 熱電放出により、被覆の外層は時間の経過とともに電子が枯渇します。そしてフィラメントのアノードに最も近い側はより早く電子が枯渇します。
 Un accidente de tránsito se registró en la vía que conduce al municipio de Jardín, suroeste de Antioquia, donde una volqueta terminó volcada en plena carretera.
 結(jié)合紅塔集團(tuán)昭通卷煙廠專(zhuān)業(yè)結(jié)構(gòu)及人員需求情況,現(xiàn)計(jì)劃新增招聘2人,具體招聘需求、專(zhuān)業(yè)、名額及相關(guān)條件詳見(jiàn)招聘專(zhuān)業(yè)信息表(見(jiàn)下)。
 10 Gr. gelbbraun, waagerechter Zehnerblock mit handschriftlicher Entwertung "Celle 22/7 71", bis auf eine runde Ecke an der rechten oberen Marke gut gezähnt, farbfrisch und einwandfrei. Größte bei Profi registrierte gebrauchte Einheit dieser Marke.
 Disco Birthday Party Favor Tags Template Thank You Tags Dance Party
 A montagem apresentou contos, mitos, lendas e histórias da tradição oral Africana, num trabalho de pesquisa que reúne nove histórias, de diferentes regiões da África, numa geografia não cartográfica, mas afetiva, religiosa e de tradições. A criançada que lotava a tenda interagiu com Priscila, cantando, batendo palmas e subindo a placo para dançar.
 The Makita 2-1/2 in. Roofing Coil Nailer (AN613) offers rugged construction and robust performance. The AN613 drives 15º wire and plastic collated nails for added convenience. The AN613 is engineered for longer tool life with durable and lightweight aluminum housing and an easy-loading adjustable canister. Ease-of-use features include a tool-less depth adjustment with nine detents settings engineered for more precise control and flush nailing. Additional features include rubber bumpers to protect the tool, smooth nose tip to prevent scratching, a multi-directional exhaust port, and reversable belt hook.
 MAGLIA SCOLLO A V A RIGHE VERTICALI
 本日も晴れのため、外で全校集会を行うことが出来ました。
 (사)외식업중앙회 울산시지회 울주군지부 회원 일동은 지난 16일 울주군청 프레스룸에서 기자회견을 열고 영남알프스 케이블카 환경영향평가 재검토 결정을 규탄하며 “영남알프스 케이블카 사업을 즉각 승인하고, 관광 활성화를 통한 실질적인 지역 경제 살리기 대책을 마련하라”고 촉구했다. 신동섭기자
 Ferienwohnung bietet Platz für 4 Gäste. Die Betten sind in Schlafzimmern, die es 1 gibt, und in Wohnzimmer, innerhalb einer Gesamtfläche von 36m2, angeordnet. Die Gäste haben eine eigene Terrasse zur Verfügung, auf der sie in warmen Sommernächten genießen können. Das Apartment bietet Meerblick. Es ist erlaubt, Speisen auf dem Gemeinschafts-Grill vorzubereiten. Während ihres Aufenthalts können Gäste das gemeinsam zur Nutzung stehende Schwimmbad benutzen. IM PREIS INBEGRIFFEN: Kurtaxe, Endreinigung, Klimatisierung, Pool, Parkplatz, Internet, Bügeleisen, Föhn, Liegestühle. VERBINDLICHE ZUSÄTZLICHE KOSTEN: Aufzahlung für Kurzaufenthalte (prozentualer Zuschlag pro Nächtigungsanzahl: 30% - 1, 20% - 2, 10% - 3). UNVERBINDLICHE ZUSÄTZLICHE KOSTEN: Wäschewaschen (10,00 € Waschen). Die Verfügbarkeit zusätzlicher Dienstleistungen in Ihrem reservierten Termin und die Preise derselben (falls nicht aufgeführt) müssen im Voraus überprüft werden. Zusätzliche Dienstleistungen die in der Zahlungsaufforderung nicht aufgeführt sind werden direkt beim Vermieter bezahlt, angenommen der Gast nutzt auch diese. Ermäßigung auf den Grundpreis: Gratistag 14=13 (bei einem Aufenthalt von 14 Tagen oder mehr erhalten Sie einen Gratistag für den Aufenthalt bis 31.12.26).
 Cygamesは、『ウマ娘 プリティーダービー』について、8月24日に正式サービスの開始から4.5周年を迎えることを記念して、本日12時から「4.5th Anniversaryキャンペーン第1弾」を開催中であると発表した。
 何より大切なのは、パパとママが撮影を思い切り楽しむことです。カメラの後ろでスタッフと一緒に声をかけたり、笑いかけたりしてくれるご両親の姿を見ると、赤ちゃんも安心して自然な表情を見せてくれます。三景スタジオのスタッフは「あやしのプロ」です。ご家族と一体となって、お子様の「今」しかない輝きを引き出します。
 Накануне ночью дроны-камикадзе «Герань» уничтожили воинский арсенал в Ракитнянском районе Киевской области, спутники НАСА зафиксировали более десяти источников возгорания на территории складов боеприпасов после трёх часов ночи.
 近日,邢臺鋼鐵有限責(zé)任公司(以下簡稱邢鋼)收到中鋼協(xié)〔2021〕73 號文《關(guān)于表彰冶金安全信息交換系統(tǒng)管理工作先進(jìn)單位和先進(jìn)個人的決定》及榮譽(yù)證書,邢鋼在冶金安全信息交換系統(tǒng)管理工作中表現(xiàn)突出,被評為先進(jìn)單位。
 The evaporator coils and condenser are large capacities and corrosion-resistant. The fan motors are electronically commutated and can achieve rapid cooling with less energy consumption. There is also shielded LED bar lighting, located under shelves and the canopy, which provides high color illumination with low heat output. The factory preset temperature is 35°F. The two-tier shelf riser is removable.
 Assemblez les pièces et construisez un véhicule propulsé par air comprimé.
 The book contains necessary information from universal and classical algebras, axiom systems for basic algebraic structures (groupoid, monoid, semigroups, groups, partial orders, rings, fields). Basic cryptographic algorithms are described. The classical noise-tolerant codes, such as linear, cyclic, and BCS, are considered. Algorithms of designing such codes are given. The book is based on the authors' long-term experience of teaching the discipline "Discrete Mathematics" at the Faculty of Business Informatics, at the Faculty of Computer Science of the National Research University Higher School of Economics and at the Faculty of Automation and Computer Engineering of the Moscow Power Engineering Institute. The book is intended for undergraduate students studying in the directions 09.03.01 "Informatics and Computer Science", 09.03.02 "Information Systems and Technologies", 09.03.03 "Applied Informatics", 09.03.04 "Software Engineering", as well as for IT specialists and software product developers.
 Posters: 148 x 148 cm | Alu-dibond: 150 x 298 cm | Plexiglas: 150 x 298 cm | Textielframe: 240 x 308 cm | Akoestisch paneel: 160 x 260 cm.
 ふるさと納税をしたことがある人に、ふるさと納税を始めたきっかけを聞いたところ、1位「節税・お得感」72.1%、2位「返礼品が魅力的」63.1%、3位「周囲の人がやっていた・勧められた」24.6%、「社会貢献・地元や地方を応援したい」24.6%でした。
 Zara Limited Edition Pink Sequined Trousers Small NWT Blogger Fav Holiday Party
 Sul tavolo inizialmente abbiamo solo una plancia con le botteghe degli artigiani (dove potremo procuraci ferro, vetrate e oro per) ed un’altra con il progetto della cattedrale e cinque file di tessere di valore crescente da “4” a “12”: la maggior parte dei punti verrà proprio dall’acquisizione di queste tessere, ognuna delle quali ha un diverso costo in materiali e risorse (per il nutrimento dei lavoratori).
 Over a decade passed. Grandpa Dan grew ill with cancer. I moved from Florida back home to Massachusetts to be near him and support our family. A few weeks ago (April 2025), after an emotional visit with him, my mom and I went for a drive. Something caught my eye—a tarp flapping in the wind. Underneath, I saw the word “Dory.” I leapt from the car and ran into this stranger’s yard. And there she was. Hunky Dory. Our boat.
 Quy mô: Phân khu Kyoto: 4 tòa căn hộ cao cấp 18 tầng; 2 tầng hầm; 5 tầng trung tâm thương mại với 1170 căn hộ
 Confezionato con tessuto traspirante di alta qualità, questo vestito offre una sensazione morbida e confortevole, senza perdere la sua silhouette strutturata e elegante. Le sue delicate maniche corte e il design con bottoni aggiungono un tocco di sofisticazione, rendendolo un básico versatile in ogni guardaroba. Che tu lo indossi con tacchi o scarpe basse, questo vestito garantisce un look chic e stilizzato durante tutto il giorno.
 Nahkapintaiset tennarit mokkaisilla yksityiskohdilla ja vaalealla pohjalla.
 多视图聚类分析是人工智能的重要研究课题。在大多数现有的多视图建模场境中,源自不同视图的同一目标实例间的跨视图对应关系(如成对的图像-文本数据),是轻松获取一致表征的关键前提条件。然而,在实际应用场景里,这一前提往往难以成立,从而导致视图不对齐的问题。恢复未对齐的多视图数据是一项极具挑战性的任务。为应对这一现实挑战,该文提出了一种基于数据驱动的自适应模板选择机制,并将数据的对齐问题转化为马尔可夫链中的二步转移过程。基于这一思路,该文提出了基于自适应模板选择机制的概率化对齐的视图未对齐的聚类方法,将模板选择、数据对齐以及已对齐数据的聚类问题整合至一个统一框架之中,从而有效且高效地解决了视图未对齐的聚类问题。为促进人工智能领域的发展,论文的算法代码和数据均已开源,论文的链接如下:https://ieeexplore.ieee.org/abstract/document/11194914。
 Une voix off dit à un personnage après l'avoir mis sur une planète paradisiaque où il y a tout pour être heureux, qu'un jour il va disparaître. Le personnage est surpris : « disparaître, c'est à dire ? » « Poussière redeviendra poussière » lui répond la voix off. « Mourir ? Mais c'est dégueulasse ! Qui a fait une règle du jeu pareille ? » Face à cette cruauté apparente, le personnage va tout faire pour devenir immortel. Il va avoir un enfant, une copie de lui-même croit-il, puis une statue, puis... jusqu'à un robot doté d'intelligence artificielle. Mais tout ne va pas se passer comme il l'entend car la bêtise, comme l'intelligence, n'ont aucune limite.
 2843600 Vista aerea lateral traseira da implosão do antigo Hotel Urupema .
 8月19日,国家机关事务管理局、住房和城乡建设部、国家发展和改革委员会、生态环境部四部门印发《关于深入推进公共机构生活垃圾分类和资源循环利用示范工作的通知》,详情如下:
============================================================
● **TASK BRIEF**
Filter the material for the word "xiàn" and copy each matching line.

● **RESULT**
 結(jié)合紅塔集團(tuán)昭通卷煙廠專(zhuān)業(yè)結(jié)構(gòu)及人員需求情況,現(xiàn)計(jì)劃新增招聘2人,具體招聘需求、專(zhuān)業(yè)、名額及相關(guān)條件詳見(jiàn)招聘專(zhuān)業(yè)信息表(見(jiàn)下)。
 近日,邢臺鋼鐵有限責(zé)任公司(以下簡稱邢鋼)收到中鋼協(xié)〔2021〕73 號文《關(guān)于表彰冶金安全信息交換系統(tǒng)管理工作先進(jìn)單位和先進(jìn)個人的決定》及榮譽(yù)證書,邢鋼在冶金安全信息交換系統(tǒng)管理工作中表現(xiàn)突出,被評為先進(jìn)單位。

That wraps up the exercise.